You need to do some custom shared variable manipulation
https://www.oreilly.com/library/view/spark-the-definitive/9781491912201/ch12.html
In other words: If you don't come across these situations above, in general better use the higher-level API (Datasets/Dataframes)

RDD Limitations :
No optimization engine for input:
There is no provision in RDD for automatic optimization. It cannot make use of Spark advance optimizers like catalyst optimizer and Tungsten execution engine. We can optimize each RDD manually.
This limitation is overcome in Dataset and DataFrame, both make use of Catalyst to generate optimized logical and physical query plan. We can use same code optimizer for R, Java, Scala, or Python DataFrame/Dataset APIs. It provides space and speed efficiency.
ii.
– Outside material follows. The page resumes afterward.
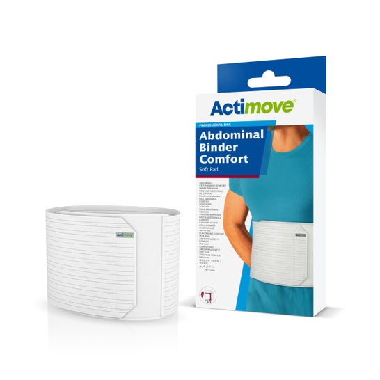 Actimove Abdominal Girdle Binder Comfort Size M 1ud is an abdominal girdle that helps reduce pain and promotes wound healing through compression around the abdomen. It is especially indicated after surgery or trauma. It is designed with elastic material and includes a foam pad that helps protect the injured area. It is also machine washable. *For hygienic reasons, we do not accept returns of this product once opened. It can only be returned if it retains the seal, and provided that the box shows no signs of having been tampered with.

Runtime type safety
There is no Static typing and run-time type safety in RDD. It does not allow us to check error at the runtime.
Dataset provides compile-time type safety to build complex data workflows. Compile-time type safety means if you try to add any other type of element to this list, it will give you compile time error. It helps detect errors at compile time and makes your code safe.
iii. Degrade when not enough memory
The RDD degrades when there is not enough memory to store RDD in-memory or on disk. There comes storage issue when there is a lack of memory to store RDD. The partitions that overflow from RAM can be stored on disk and will provide the same level of performance. By increasing the size of RAM and disk it is possible to overcome this issue.
iv. Performance limitation & Overhead of serialization & garbage collection
Since the RDD are in-memory JVM object, it involves the overhead of Garbage Collection and Java serialization this is expensive when the data grows.
Since the cost of garbage collection is proportional to the number of Java objects. Using data structures with fewer objects will lower the cost. Or we can persist the object in serialized form.
v. Handling structured data
RDD does not provide schema view of data. It has no provision for handling structured data.
Dataset and DataFrame provide the Schema view of data. It is a distributed collection of data organized into named columns.
This was all in limitations of RDD in Apache Spark so introduced Dataframe and Dataset .
When to use Spark DataFrame/Dataset API and when to use plain RDD?
https://databricks.com/blog/2016/07/14/a-tale-of-three-apache-spark-apis-rdds-dataframes-and-datasets.html
https://dzone.com/articles/apache-spark-3-reasons-why-you-should-not-use-rdds#:~:text=Yes!,data%20analytics%2C%20and%20data%20science.
https://data-flair.training/blogs/apache-spark-rdd-limitations/

Related

What are the differences between GraphX's memory-based shuffle and Spark Core's shuffle

From the paper "GraphX: Graph Processing in a Distributed Dataflow Framework" (Gonzalez et al. 2014) I learned that GraphX modified Spark shuffle:
Memory-based Shuffle: Spark’s default shuffle implementation materializes the temporary data to disk. We modified the shuffle phase to materialize map outputs in memory and remove this temporary data using a timeout.
(The paper does not explain anything more on this point.)
It seems that this change aims at optimizing shuffles in the context of highly iterative graph processing algorithms.
How does this "Memory-based shuffle" works exactly, how it differs from the Spark Core's one and what are the pros and cons: why it is well suited for graphx use cases and not for other Spark jobs ?
I failed to understand the big picture directly from GraphX/Spark sources and I also struggled finding the information out there.
Apart from an ideal answer, comments with links to sources are welcomed too.
I failed to understand the big picture directly from GraphX/Spark sources
Because it was never included in the mainstream distribution.
Back when the first GraphX version was developed Spark used Hash based shuffle, which was rather inefficient. It was one of the main bottlenecks in Spark jobs, and there was significant research into developing of alternative shuffle strategies.
Since GraphX algorithms are iterative and join-based, improving shuffle speed was an obvious path.
Since then, pluggable shuffle manager has been introduced, as well as new sort based shuffle, which finally turned out to be fast enough to make both hash-based shuffle and ongoing work on providing generic memory-based shuffle obsolete.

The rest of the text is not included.